= Beginning of Section =
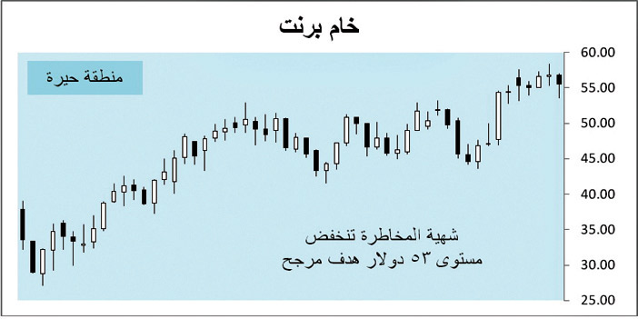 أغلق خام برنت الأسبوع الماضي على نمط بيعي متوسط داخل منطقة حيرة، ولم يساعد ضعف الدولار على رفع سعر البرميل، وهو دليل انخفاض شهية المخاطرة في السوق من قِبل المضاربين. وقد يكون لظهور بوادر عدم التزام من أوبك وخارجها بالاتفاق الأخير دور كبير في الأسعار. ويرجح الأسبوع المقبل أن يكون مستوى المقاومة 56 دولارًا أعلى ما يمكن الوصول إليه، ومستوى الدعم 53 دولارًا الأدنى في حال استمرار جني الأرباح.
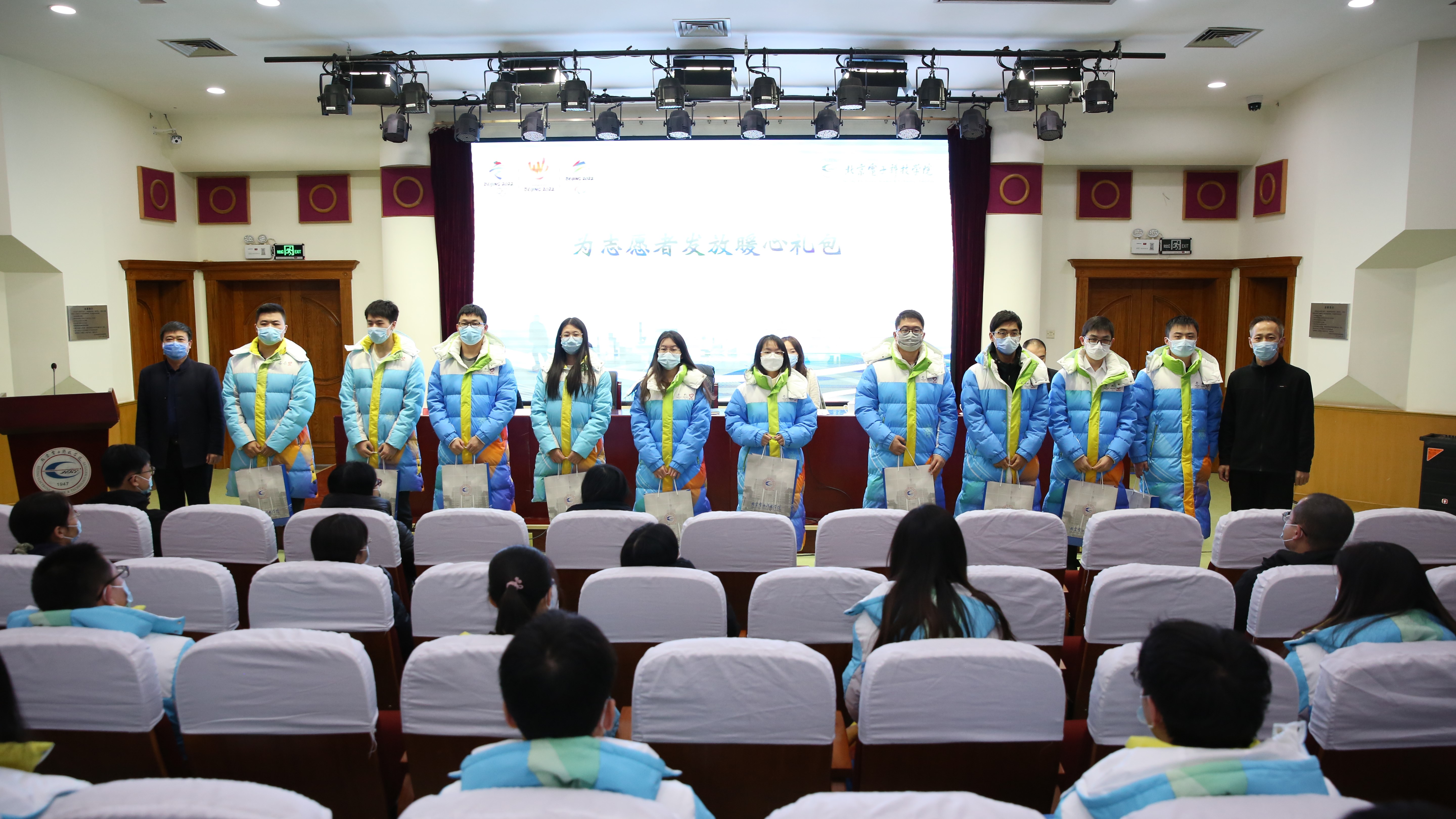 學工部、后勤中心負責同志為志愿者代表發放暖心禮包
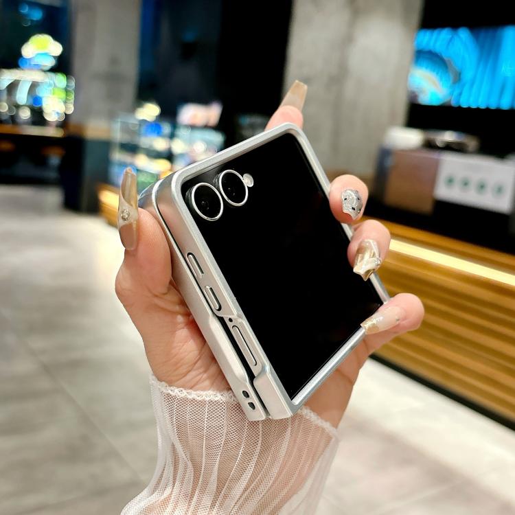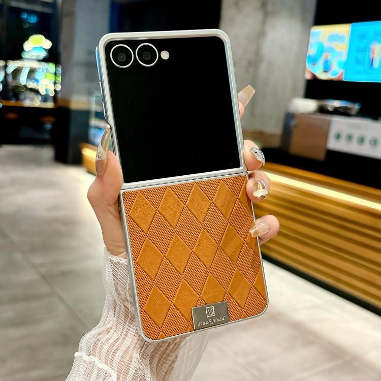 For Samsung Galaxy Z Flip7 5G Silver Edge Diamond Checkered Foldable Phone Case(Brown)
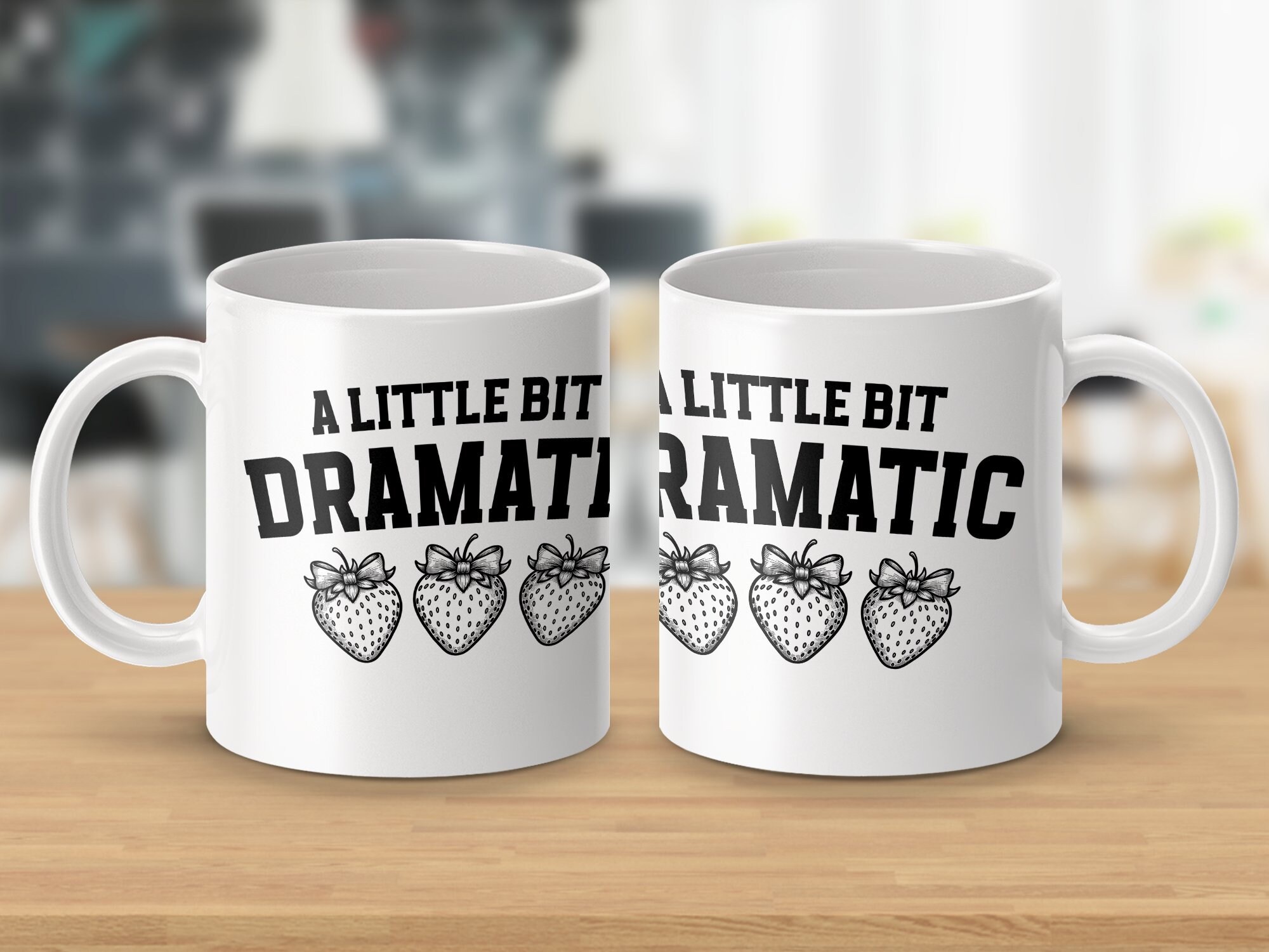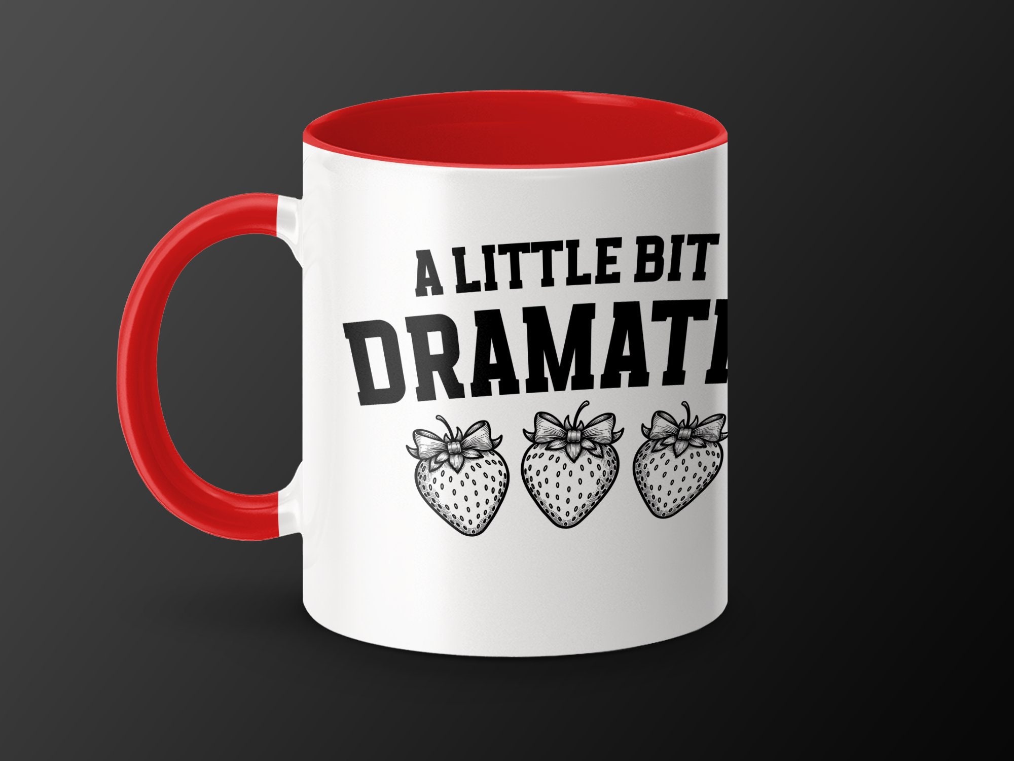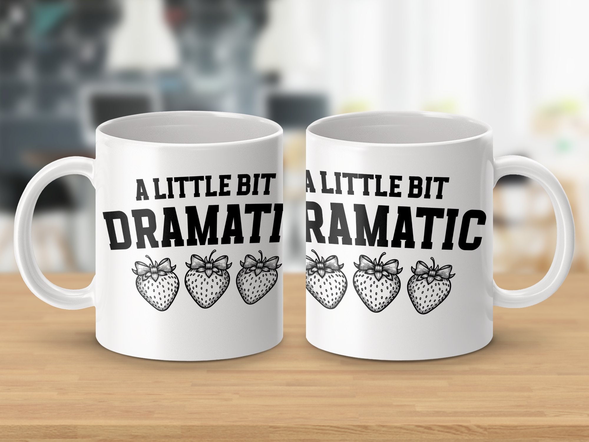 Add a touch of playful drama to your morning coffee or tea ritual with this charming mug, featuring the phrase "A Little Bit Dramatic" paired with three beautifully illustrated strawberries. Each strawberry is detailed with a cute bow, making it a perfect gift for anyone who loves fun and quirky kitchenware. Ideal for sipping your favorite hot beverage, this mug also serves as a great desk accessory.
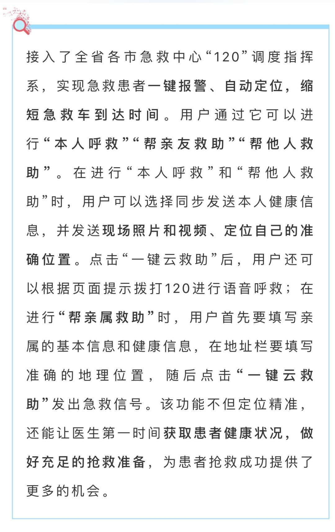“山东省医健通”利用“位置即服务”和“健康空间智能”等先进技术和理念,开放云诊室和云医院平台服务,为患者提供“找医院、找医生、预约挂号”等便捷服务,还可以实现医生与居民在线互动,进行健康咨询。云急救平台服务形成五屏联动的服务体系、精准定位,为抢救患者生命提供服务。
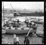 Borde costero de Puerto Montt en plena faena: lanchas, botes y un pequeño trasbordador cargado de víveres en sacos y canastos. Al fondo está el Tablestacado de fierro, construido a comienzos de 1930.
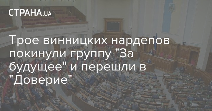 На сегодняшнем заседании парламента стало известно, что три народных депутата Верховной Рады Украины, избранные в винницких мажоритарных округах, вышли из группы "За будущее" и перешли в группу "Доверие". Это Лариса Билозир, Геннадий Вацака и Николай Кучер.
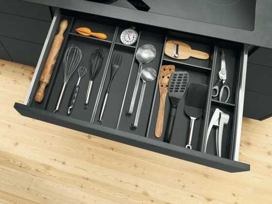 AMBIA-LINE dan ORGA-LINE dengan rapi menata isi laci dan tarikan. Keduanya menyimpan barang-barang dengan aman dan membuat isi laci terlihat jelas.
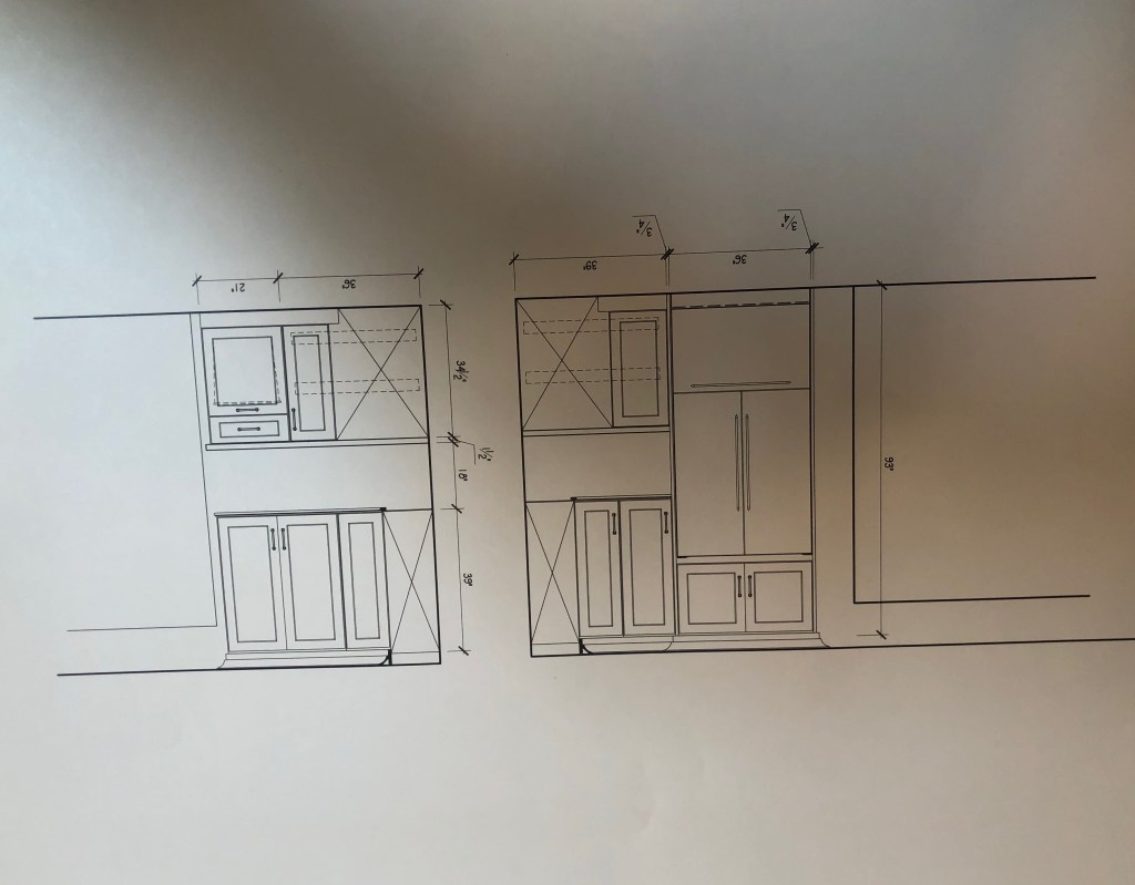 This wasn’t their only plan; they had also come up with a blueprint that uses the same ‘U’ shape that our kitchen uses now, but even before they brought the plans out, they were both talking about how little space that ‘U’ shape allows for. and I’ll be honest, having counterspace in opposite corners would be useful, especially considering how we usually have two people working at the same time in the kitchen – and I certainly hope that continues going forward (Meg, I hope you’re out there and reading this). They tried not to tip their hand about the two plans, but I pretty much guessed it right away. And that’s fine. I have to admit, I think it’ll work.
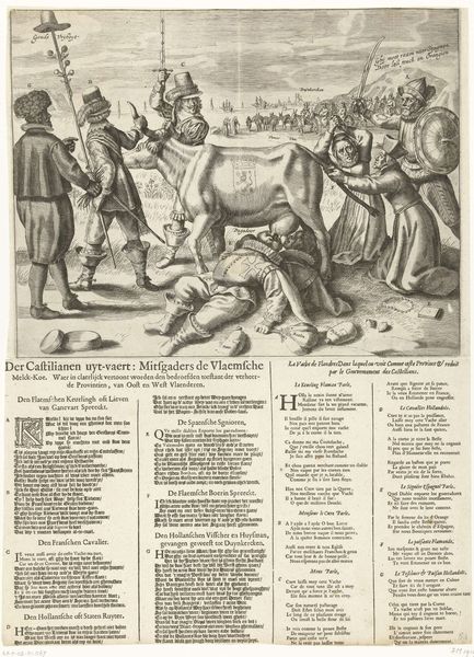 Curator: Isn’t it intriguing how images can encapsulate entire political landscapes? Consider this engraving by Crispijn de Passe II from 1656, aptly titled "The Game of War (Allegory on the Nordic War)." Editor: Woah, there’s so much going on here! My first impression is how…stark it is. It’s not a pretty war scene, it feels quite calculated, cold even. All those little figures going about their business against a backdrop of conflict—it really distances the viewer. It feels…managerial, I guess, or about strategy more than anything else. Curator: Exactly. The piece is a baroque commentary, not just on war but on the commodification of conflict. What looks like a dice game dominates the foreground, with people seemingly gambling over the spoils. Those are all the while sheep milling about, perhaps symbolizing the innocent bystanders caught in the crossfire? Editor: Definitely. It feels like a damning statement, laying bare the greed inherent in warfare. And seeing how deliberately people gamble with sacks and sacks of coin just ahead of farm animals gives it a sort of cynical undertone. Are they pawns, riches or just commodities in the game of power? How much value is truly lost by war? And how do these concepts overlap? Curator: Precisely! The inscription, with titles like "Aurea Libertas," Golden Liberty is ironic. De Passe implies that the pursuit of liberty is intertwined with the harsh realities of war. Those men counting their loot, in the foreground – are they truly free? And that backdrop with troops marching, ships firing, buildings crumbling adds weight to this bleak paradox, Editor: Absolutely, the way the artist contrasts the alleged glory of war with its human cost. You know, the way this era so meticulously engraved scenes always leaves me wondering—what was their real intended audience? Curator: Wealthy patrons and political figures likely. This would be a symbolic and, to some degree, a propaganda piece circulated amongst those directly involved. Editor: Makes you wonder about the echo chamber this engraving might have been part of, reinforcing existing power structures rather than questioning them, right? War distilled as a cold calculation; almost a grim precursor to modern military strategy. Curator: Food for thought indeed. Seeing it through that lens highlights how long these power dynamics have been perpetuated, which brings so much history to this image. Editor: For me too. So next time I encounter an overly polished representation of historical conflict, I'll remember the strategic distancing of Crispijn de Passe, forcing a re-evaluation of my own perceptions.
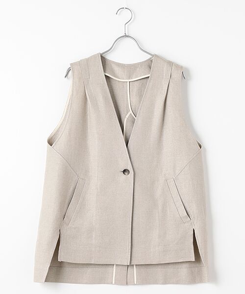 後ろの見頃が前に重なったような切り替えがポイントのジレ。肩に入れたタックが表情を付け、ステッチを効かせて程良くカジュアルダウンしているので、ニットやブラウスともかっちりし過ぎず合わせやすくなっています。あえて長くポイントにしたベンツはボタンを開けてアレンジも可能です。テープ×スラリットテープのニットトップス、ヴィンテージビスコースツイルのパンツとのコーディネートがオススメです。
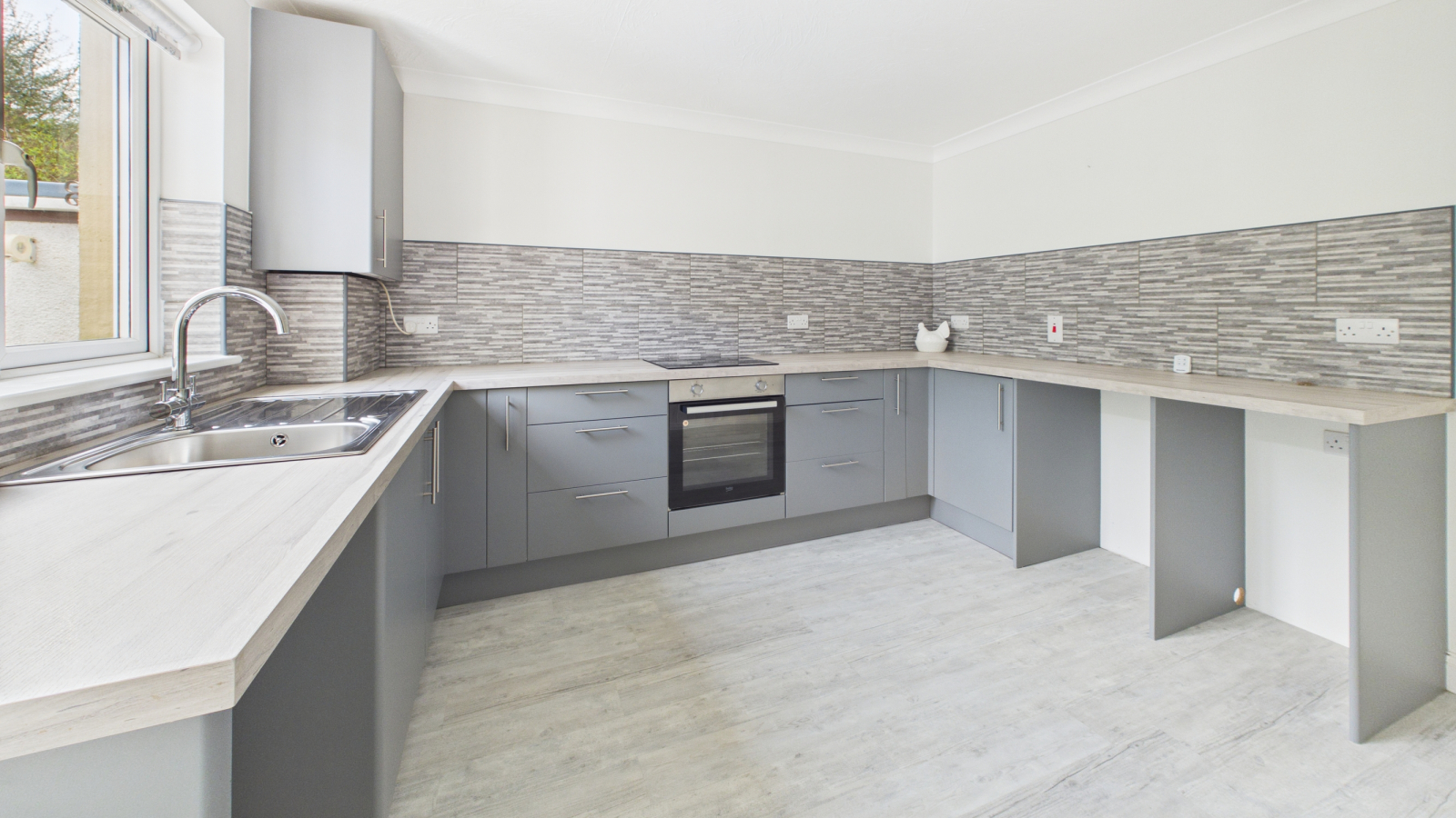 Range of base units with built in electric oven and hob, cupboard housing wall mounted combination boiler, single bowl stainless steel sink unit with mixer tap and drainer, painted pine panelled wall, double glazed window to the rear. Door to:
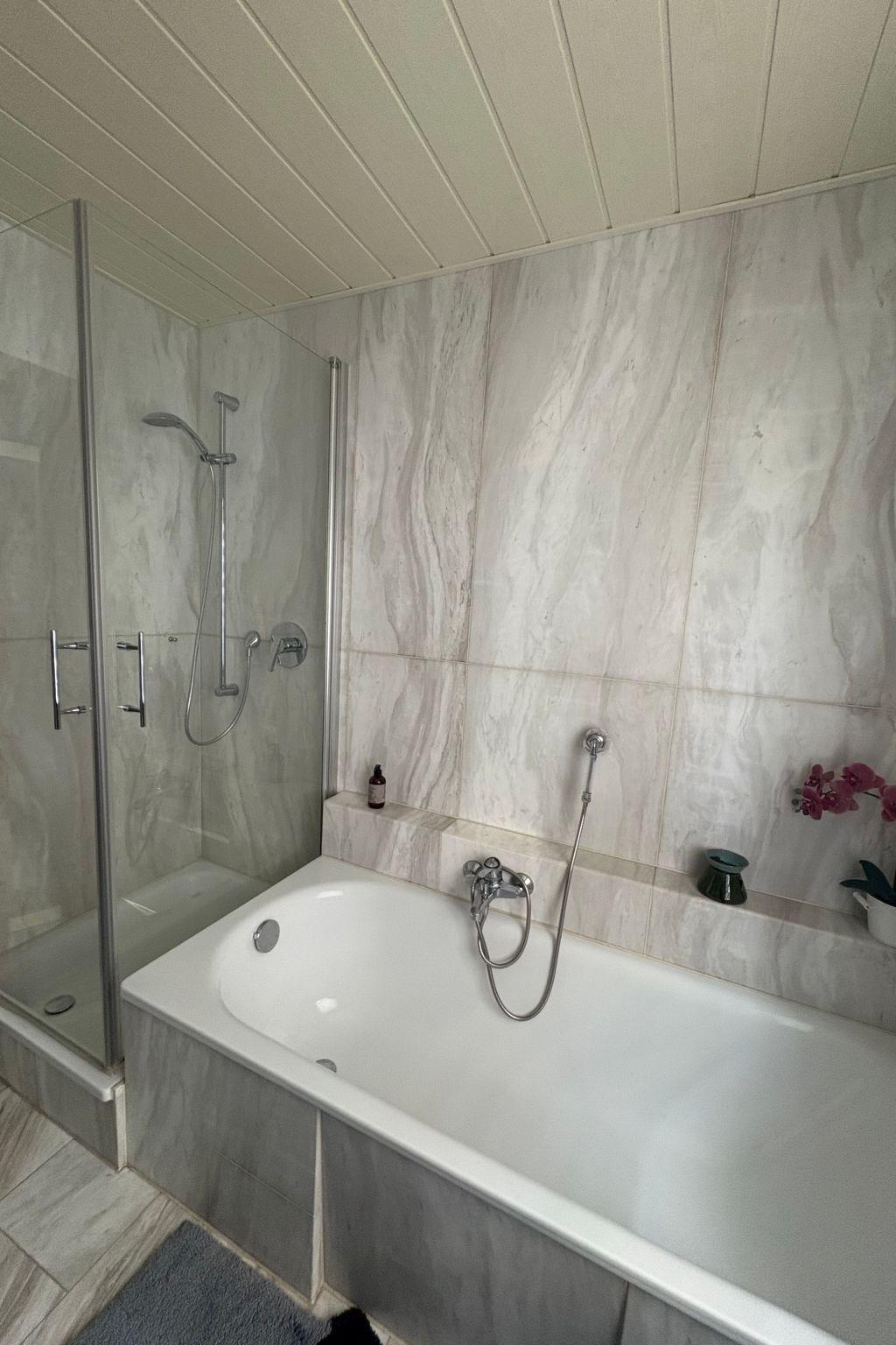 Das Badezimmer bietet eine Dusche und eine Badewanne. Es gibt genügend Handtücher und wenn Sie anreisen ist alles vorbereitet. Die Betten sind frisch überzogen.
= End of Section =
__What to work on__: For the data above, set down exactly the lines from the line with "На сегодняшнем заседании" to the line with "This wasn’t their", both included, leaving pictures out.

__Problem solution__:
 На сегодняшнем заседании парламента стало известно, что три народных депутата Верховной Рады Украины, избранные в винницких мажоритарных округах, вышли из группы "За будущее" и перешли в группу "Доверие". Это Лариса Билозир, Геннадий Вацака и Николай Кучер.
 AMBIA-LINE dan ORGA-LINE dengan rapi menata isi laci dan tarikan. Keduanya menyimpan barang-barang dengan aman dan membuat isi laci terlihat jelas.
 This wasn’t their only plan; they had also come up with a blueprint that uses the same ‘U’ shape that our kitchen uses now, but even before they brought the plans out, they were both talking about how little space that ‘U’ shape allows for. and I’ll be honest, having counterspace in opposite corners would be useful, especially considering how we usually have two people working at the same time in the kitchen – and I certainly hope that continues going forward (Meg, I hope you’re out there and reading this). They tried not to tip their hand about the two plans, but I pretty much guessed it right away. And that’s fine. I have to admit, I think it’ll work.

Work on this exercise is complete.